Roma, 1 aprile 2012 - Un grande centravanti, un personaggio controverso. Addio a Giorgio Chinaglia. L’ex centravanti della Lazio è morto in Florida, dove viveva e dove si trovava ricoverato in ospedale da venerdì. Problemi di cuore, che gli sono stati fatali.

Aveva 65 anni. A dare per primo la notizia su Twitter è stato il direttore organizzativo del Milan, Umberto Gandini, in contatto con ambienti dello sport americano vicini allo scomparso campione della Lazio.

Con lui al centro dell’attacco, trascinatore e boss di quella squadra allenata da Tommaso Maestrelli, anno ’73-74, con compagni di squadra che si chiamavano Martini, Wilson, Felice Pulici, Re Cecconi, un giovane D’Amico, la Lazio conquistò il primo scudetto della sua storia. Impetuoso in campo e fuori, Chinaglia.

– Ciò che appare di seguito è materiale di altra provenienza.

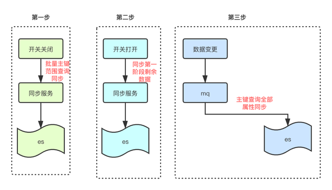 首先增加一个开关来控制操作是走mysql还是es。先关闭开关然后通过批量同步接口,根据主键id范围区间查询把存量数据分批同步到ES中。

In campo, era un carrarmato, un centravanti di grande forza, alto e potente, e non a caso lo chiamavano ’Long John’. Fuori dal campo, era un personaggio difficile da gestire.

Arrivato in azzurro quando ancora giocava in B con la maglia della Lazio, Chinaglia fu chiamato da Valcareggi per la sfortunata spedizione per i mondiali del ’74 in Germania.

Nel corso della partita contro Haiti, una delle pagine più nera della storia del calcio italiano, al momento della sostituzione Chinaglia polemizzò con Valcareggi con un gesto molto plateale, con la mano, in diretta televisiva, e quella sua ribellione in azzurro è rimasta nella storia.

Nato a Carrara, di famiglia umile, Chinaglia aveva cominciato a giocare in Galles, nello Swansea City, per poi tornare in Italia nella Massese, per passare poi all’Internapoli, e da lì alla Lazio, dal ’69 al ’76, per finire la carriera nei Cosmos di New York.

Con la maglia azzurra, 14 presenze e 4 gol. Negli ultimi anni aveva avuto seri problemi con la giustizia, coinvolto in un’inchiesta su una scalata alla Lazio di Lotito da parte di clan camorristici, e nel luglio 2008 era stato colpito da un mandato di arresto per riciclaggio. Un triste e burrascoso finale di una storia che in quegli anni ’70 ha fatto grande la Lazio, proprio nel nome di Giorgio Chinaglia.